■ **Task item**: Every line below between the line holding "Cozople Men's Swim" and the line holding "La manchette pour", inclusive, should be repeated exactly, and all other lines omitted.

■ **Material to process**:
☆ ☆ ☆ ☆ ☆

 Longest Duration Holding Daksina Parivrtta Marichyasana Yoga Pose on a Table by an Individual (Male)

☆ ☆ ☆ ☆ ☆

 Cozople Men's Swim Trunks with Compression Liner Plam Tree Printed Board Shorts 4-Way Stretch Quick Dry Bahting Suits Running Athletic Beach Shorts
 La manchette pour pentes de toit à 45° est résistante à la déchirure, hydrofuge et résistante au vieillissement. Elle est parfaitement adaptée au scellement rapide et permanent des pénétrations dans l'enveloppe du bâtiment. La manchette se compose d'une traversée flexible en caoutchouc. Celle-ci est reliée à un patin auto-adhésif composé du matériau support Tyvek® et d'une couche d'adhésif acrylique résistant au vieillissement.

☆ ☆ ☆ ☆ ☆

■ **Response area**:
 Cozople Men's Swim Trunks with Compression Liner Plam Tree Printed Board Shorts 4-Way Stretch Quick Dry Bahting Suits Running Athletic Beach Shorts
 La manchette pour pentes de toit à 45° est résistante à la déchirure, hydrofuge et résistante au vieillissement. Elle est parfaitement adaptée au scellement rapide et permanent des pénétrations dans l'enveloppe du bâtiment. La manchette se compose d'une traversée flexible en caoutchouc. Celle-ci est reliée à un patin auto-adhésif composé du matériau support Tyvek® et d'une couche d'adhésif acrylique résistant au vieillissement.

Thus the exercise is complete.